Djemal Pasha was the commander of the 4th Turkish army operating in Syria during WWI (1914-18). He actively participated in the mass deportation and massacres of the Armenians of Historical Armenia, Cilicia, and drowned the self-defense forces of the Armenians of Urfa in blood. Djemal suppressed Arab national liberation movements in Syria, Lebanon, and Palestine.
After Turkey’s defeat in the war (1918), he fled to Germany. In 1919, the military court of Constantinople sentenced Djemal to death in absentia.
In July 1922, on the way from Moscow to Ankara, former Minister of the Turkish Navy Djemal Pasha stopped in Tbilisi. By the will of fate, Artashes Gevorgyan, Petros Ter-Poghosyan, Stepan Tsaghikyan, and Zareh Melik-Shahnazaryants were in Tbilisi. They organized and carried out the assassination of Djemal.
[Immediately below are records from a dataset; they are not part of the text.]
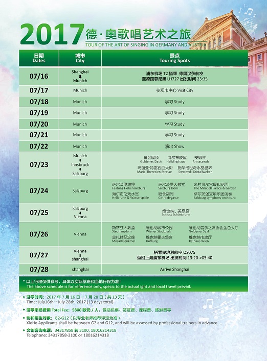 After two years of successfully organizing top music and dance study-tours in Austria and Italy, Xiehe Creative Arts Center is proud to offer our students three new summer study-tour routes for year 2017. This time, the groups will be invited by Staatstheaters am Gärtnerplatz, Gasteig Culture Center, Munich Pinakothek, Italian South Tyrol Culture Research Foundation and our students will have an in-depth experience of European art and academic styles, and a chance to walk towards the top of world art.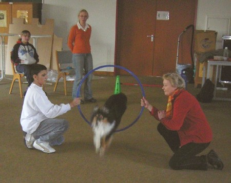 Bei aller Freude über ihrer tolle Leistung, verrieten mir kurzzeitige Blicke der kleinen Maus, dass sie die Arbeit zunehmend anstrengt. Twist würde mich nie im Stich lassen und hat so viel Freude an der Arbeit, dass sie eigene "Schwierigkeiten" der Anstrengung in ihrem Alter ignoriert und trotz Müdigkeit erneut schwanzwedelnt los läuft, um einem Kind eine Aufgabenkarte zu bringen.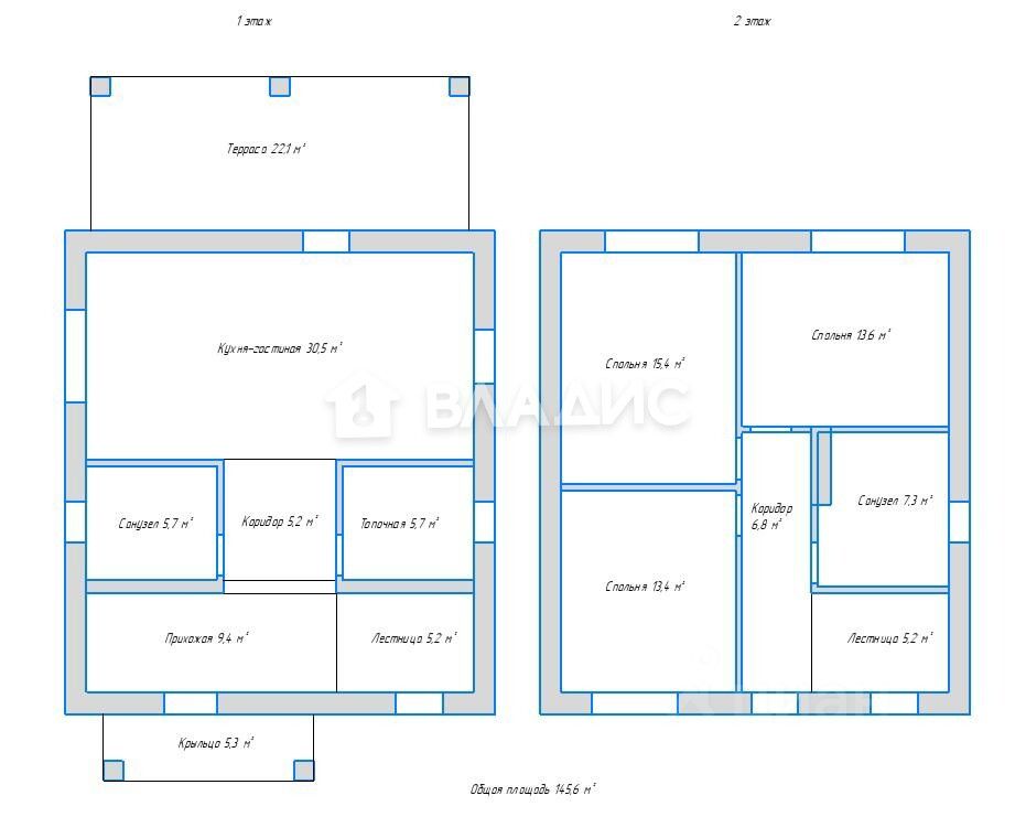 - Просторная площадь: общая площадь дома составляет 145,6 кв. м, что позволяет комфортно разместить всю семью. Жилая площадь — 42,4 кв. м, площадь кухни — 30,5 кв. м.
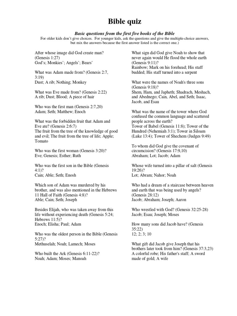 Bible Quiz Multiple Choice Questions With Answers Printable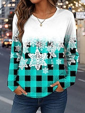 This Women's T Shirt Graphic Plaid Snowflake Vintage Fashion contemporary Long Sleeve Crew Neck Regular Tops Daily Weekend Print Red Blue Purple Green Spring Fall Winter combines elegant design with practical functionality. Every detail has been carefully considered to ensure you get the best possible experience. The superior construction means this product will serve you well for years to come.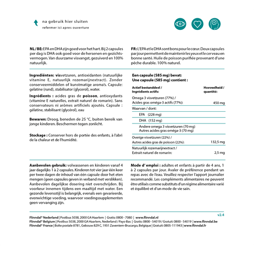 - EPA en DHA zijn allebei vetzuren van de omega-3 familie en komen voor in vette vis. Doordat het lichaam deze stoffen niet (of niet voldoende) zelf kan aanmaken, is het belangrijk om deze op een andere manier in te nemen. Flinndal Omega-3 Forte bevat per capsule genoeg EPA (eicosapentaeenzuur) en DHA (DocosaHexaeen Acid) voor een gunstige invloed op uw hart. Wilt u het ook voor uw hersenen en ogen, neem dan 2 capsules per dag.
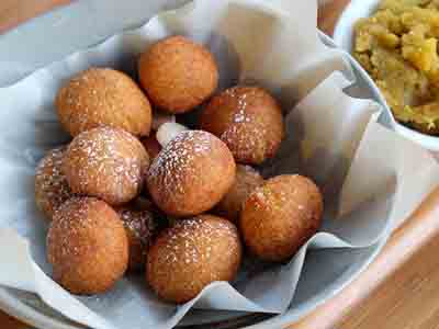 炸至金黄色,捞起撒上糖霜即成。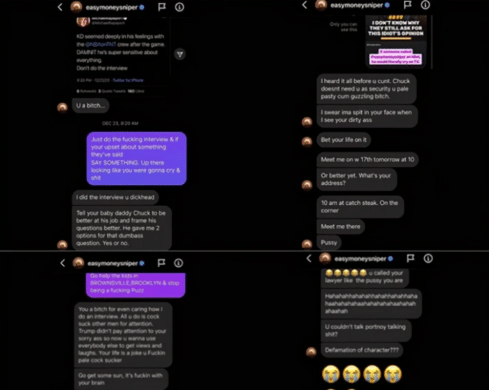 这件事情的起因是在3月30日晚上,知名演员迈克尔-拉帕波特(Michael Rapoport)在社交媒体上更新了数张聊天记录的不同,上面是他和杜兰特之间的骂战,多次用‘ Bit ’ 开头的词汇,而且还有涉及到拉帕波特妻子的言论。这其中杜兰特还希望得知拉帕波特的地址,希望和对方约架。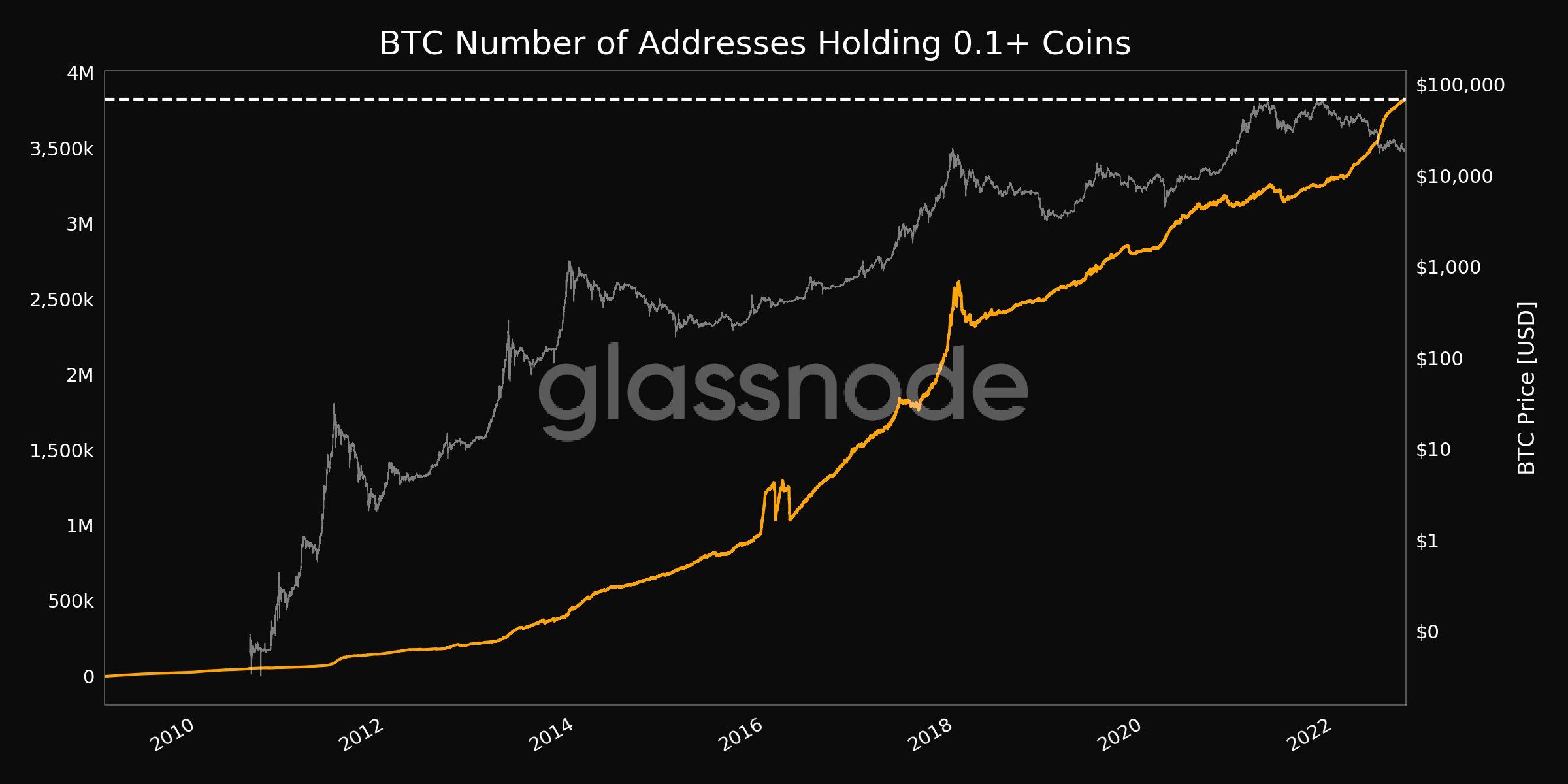 Lượng địa chỉ ví BTC có số dư từ 0.1 vừa lập tiếp ATH mới vào hôm nay.

July 21, 1922, was fatal for Djemal Pasha. On Pushkin Street in Tbilisi, Artashes and Petros approached Djemal and his two companions. The sacred hour of just revenge came…
“… And my sister, beautiful Anik, who was not even 16 years old and who was brutally raped near Urfa, stood before my eyes at that moment. Hands on her knees, bowing her head, my sister-martyr,” Artashes Gevorgyan recalls this moment.
“Pasha, pasha! Remember Urfa, Der Zor!” Artashes shouted, firing.